Because psilocybin induces the amygdala to “short circuit,” the brain is also less able to deal with negative stimuli when on magic mushrooms. Scientists also think that psilocybin causes the anterior cingulate cortex and fronto-insular cortex to work less well together. They think this is what leads to a feeling of “ego dissolution.”
Most of the time, a trip on mushrooms lasts between four and six hours. On the other hand, an LSD trip can last anywhere from six to twenty hours. In January, scientists found out that the reason LSD trips are so long is due to the LSD molecule making the serotonin receptor slightly bend over it like a lid. When the molecule “pops off” the receptors and breaks down in the body, the acid trip is over.
Psilocybin and LSD: Are They Future Antidepressants?
More and more scientific research shows that both substances could be used to treat addiction, OCD, anxiety, and PTSD. So far, this research has found out more about how the substances make people feel better and less about why that is.
In a small study done in 2014, scientists found that the effect of magic mushrooms on serotonin receptors may be what makes people feel more emotional and a little less like themselves. This may be why the substance appears to help with anxiety. They say that a brain on mushrooms is similar to a brain that is dreaming.
On the other hand, a brain on LSD is more like those of a child since the different parts of the brain become very connected to each other. But no one knows for sure why taking LSD can make the signs of severe anxiety go away.
Researchers said that both LSD and psilocybin cause an elevated state of consciousness. This is the result of an experiment that gives us a peek at the brain on these drugs that have never been seen before. The more scientists look at a high brain, the better they will be able to use the power of these drugs to help us in the future.
Astral Agency is Your Reliable Source of Quality Shrooms, DMT, and Other Psychedelics
Astral Agency is an online mail-order dispensary that provides Canadians with quality shrooms, DMT, and other psychedelics. We use a third-party testing facility and the results are posted in the photo gallery of each of our products. We use a special machine called an FTIR spectrometer to test your sample, as well as immunoassay test strips that check for potent substances like fentanyl or benzodiazepines. Some branded products do their testing and come sealed, so we don’t test those.
LSD and other comparable chemicals are unfortunately frequently used in social contexts including clubs, raves, and music festivals. They frequently disregard their necessities, which raises the possibility of dehydration, unconsciousness, and other negative effects. The same holds for anyone consuming mushrooms.

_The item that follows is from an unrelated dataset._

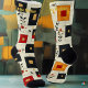 Elevate your wardrobe with these modern geometric floral socks. Featuring a sophisticated beige backdrop with bold red, black, and yellow accents and delicate floral details, these socks are a perfect blend of contemporary style and timeless charm. Add your name or text for a personalized gift that stands out. Designed for comfort and durability, these socks are ideal for anyone who loves unique and artistic accessories.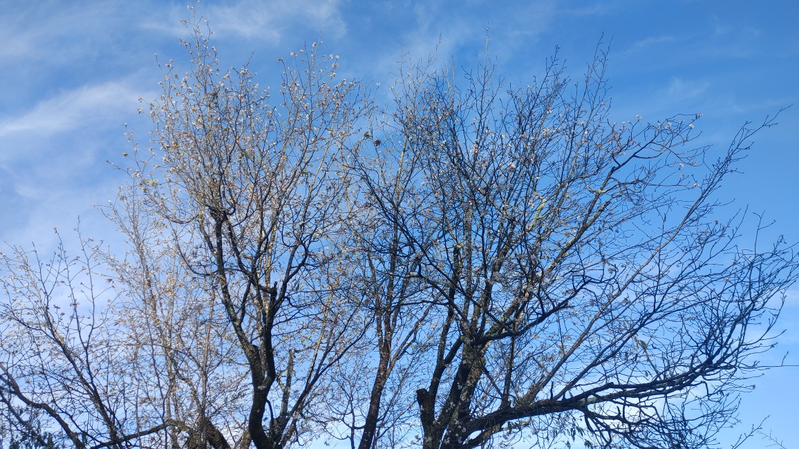 校庭側の桜の中に山桜が1本あります。1年の間に2回咲く品種で10月頃から12月の終わり頃まで咲くそうです。春の開花に比べると控えめですが、薄ピンク色のきれいな花をつけています。来校された際は、ぜひご覧ください。

Because of this mental quality, “set” and “setting,” which have always been important, are even more important to an LSD experience.
Put simply, whether an LSD trip leads to breakthroughs or breakdowns depends a lot on how the user is feeling right before they take it and where they are when they take it. The same goes for trips with mushrooms. But when people take LSD, they tend to have more extreme experiences at both ends of the spectrum.
Even though you can get used to either drug over time, it usually takes much less LSD than psilocybin to make you feel psychedelic. This makes it easier to take more LSD than your body can handle. This, along with the fact that LSD’s effects last longer, might explain why people tend to talk more about “bad” LSD trips.